À Drummondville, une résidence de la rue Caselli a été déclarée perte totale mardi soir. Le feu aurait été causé par une chandelle qui n’avait pas été éteinte sur le patio.
À Drummondville, une résidence de la rue Caselli a été déclarée perte totale mardi soir. Le feu aurait été causé par une chandelle qui n’avait pas été éteinte sur le patio.

Nuit occupée pour les pompiers du Centre-du-Québec

Trois immeubles d’habitation ont été la proie des flammes au cœur de la municipalité de Sainte-Clotilde-de-Horton et une résidence a brûlé à Drummondville, respectivement dans la nuit de mercredi et mardi soir. Trois des quatre bâtiments ont été déclarés perte totale par les pompiers.

À Sainte-Clotilde-de-Horton, trois résidences étaient touchées à l’arrivée des pompiers dans la nuit de mercredi. « Deux résidences, pour un total de six logements, sont complètement détruites. Trois autres logements ont été sauvés in extremis », indique le directeur de sécurité incendie de Notre-Dame-du-Bon-Conseil et de Sainte-Clotilde, Frédérick Marcotte, ajoutant qu’au plus fort du brasier, une soixantaine de pompiers de quatre municipalités le combattait.

« De ce qu’on pense, le point d’origine serait à l’extérieur d’un des logements qui étaient inhabités, enchaîne-t-il. Quatre familles se retrouvent à la rue et ont été confiées à la Croix-Rouge. Une mère et son enfant ont été légèrement blessés. »

La Sûreté du Québec est responsable de l’enquête.

À Drummondville

À Drummondville, une résidence de la rue Caselli a été déclarée perte totale. Le brasier, qui a pris naissance vers 21 h 30 mardi soir, aurait été causé par une chandelle à la citronnelle qui n’avait pas été éteinte sur le patio.

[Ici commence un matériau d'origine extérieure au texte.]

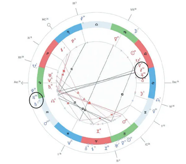 ♦ В его карте управитель 7-го дома Уран и Сатурн. Его Сатурн делает трин на мою Луну, упр. 7-го дома. Гармоничная точная связь на длительные отношения между элементами 7-го дома. Но и его Уран делает трин на мою Венеру в 7-м. Гармоничные связи на отношения и брак дали нам возможность быть вместе полтора года.
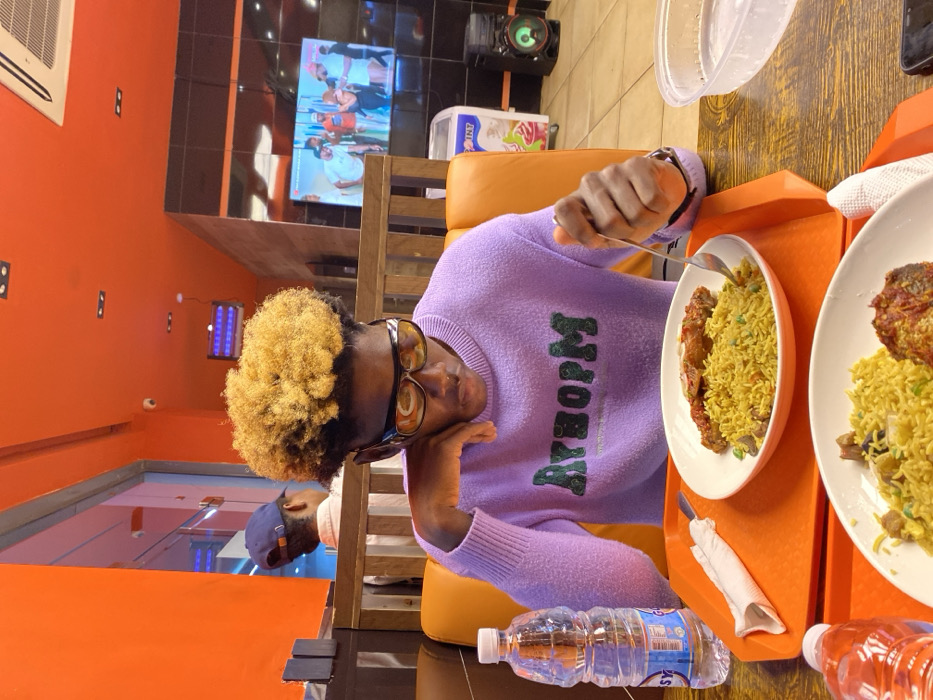 This image depicts an indoor scene within a casual restaurant or eatery in Moba, Nigeria. The dominant colors of the establishment's interior are orange for the walls and ceiling, complemented by dark tiled floors and booth seating with orange upholstery and dark wood dividers. In the foreground, a person with distinctive bright yellow, textured hair is seated at a table. They wear dark-rimmed glasses with yellow-tinted lenses and a light purple long-sleeved sweater featuring green text, possibly "ATHOPM," across the chest. Their right hand is resting on their chin, while their left hand holds a silver spoon poised over a white plate. This plate contains a portion of yellow rice, appearing to be jollof or fried rice with green peas, and several pieces of chicken or meat in a red sauce. The plate rests on an orange plastic serving tray. To the left of the plate, a clear plastic bottle of "OSY" branded water is visible. A second, similar plate of food is partially visible in the lower foreground on another orange tray. In the mid-ground, a second individual is partially visible from the back, seated at another booth. This person is wearing a light-colored top and a dark blue baseball cap, facing away from the camera. The background also reveals a large flat-screen television mounted on a dark wall, displaying an image with multiple people, likely from a video. Other elements include a wall-mounted blue-light insect zapper, an air conditioning unit on the ceiling, a black portable speaker on the floor, and a sign indicating "ICE CREAM TNY."
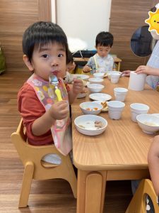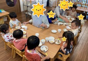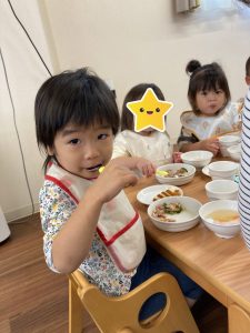 お外でいっぱい遊んだ後は、楽しい給食の時間(*^▽^*)/
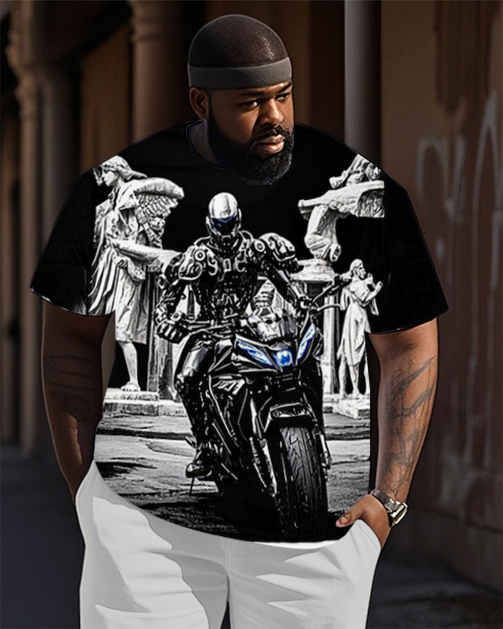 Big Man Biker Cyberpunk Print Top T-Shirt

« Les gens se sont aperçus que le feu était pris sur un sofa à l’extérieur. Le divan était collé à la résidence. La propagation a été assez rapide : le feu est monté dans l’entretoit par le soffite », explique Pascal Roux du Service des incendies de Drummondville, calculant que les dommages sont de plus de 400 000 $. Les propriétaires de la maison étaient assurés.

Si la chaleur et la sécheresse n’ont rien à voir avec l’incendie, elles ont quand même compliqué le travail des 25 pompiers qui se sont déplacés sur les lieux. « Il faisait chaud pour combattre l’incendie. Il y a des mesures à prendre pour ce qui est de l’hydratation. Ça prend un peu plus de personnel. Ça ne nous aide pas », confirme-t-il.

Les pompiers de Drummondville sont assez occupés dernièrement : un autre feu du même genre s’est déclaré à Drummondville lundi à cause d’un mégot de cigarette.